**Assignment**
Return exactly the span of lines in the following data that opens with the line containing "To the left" and closes with the line containing "This time of". Include nothing else.

**Dataset records**
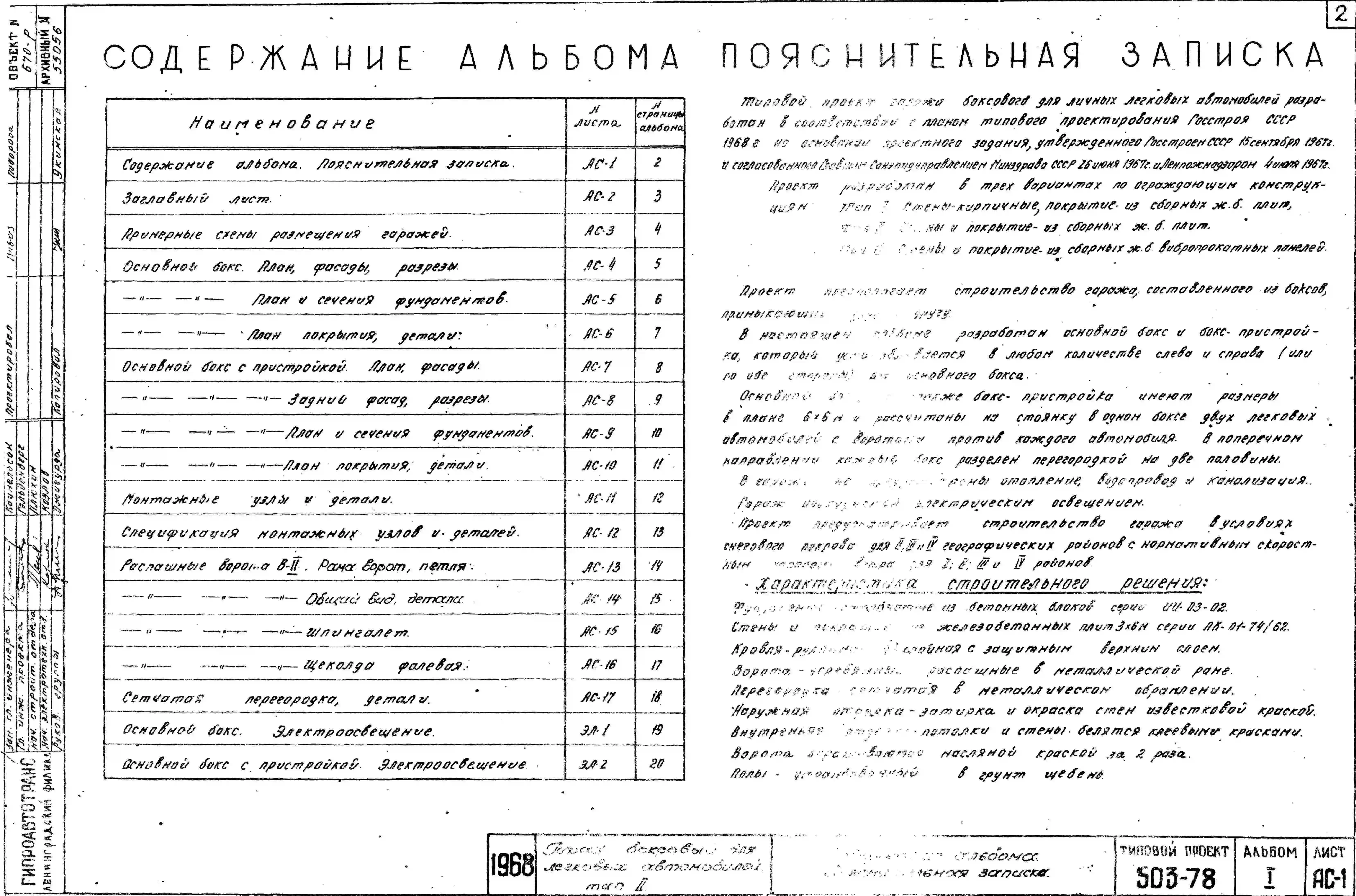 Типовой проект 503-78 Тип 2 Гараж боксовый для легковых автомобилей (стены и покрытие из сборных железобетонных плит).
--
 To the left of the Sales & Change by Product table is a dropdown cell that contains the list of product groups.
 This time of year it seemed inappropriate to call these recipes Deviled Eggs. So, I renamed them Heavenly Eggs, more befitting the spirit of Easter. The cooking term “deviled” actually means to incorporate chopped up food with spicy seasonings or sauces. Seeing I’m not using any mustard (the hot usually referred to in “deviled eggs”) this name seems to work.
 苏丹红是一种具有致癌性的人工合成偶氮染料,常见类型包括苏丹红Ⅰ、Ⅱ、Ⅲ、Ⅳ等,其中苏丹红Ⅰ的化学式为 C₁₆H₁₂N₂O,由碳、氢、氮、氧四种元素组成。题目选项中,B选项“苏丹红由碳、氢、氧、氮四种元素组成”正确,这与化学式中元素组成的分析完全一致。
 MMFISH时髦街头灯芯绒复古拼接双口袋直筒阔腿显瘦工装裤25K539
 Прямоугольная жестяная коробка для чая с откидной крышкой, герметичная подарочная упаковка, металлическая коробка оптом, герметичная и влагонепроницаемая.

**Exercise response**
 To the left of the Sales & Change by Product table is a dropdown cell that contains the list of product groups.
 This time of year it seemed inappropriate to call these recipes Deviled Eggs. So, I renamed them Heavenly Eggs, more befitting the spirit of Easter. The cooking term “deviled” actually means to incorporate chopped up food with spicy seasonings or sauces. Seeing I’m not using any mustard (the hot usually referred to in “deviled eggs”) this name seems to work.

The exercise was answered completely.